Choosing between portability and innovation
Posted Mar 4, 2011 23:08 UTC (Fri) by foom (subscriber, #14868)
[Link]
Okay, I must apologize, you are completely right.
I was getting myself mixed up with kqueue's API (which actually does have you specify a struct containing both the fd and userdata), and then mis-reread the epoll docs. (As you might be able to tell, I always passed the fd as the user data. :))
However, that doesn't change the main point I wanted to make, which is that it ought to be tracking fds internally instead of files -- I don't want it to do anything special with the value it returns, I want it to stop watching (and tell me that it did stop watching), if the *fd* I originally gave is closed, not if the underlying file is closed. Returning events on a file that I no longer have a handle for in the current process is annoying.

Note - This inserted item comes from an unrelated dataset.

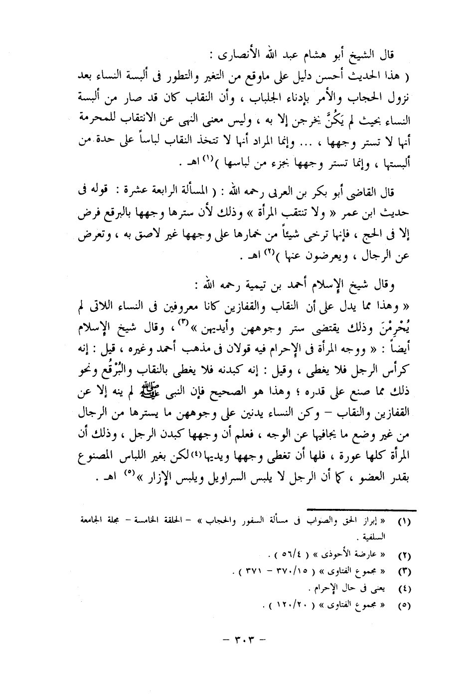 "وقد رأيت في هذه النقول المذكورة عن السلف أقوال أهل العلم في الزينة الظاهرة والباطنة، وأن جميع ذلك راجع في الجملة إلى ثلاثة أقوال كما ذكرنا:
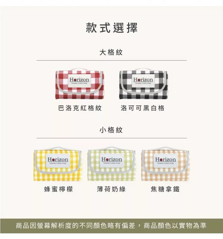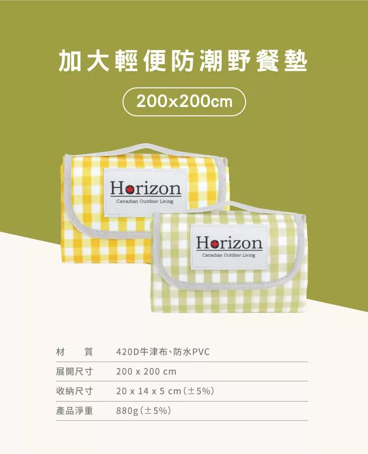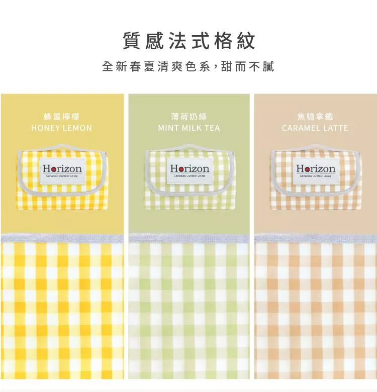【Horizon 天際線】法式格紋加大款輕便防潮野餐墊 200x200cm 蜂蜜檸檬

Choosing between portability and innovation
Posted Mar 6, 2011 19:04 UTC (Sun) by intgr (subscriber, #39733)
[Link]
> However, that doesn't change the main point I wanted to make, which is
> that it ought to be tracking fds internally instead of files
> I want it to stop watching (and tell me that it did stop watching), if
> the *fd* I originally gave is closed, not if the underlying file is closed
Seriously, if you want it to stop watching, you use EPOLL_CTL_DEL before closing a file descriptor. The implicit deregister-on-close() is just a safety net -- because it's the only sane thing that the kernel can do when you have watches on a file that's being closed. It's not intended to be used that way.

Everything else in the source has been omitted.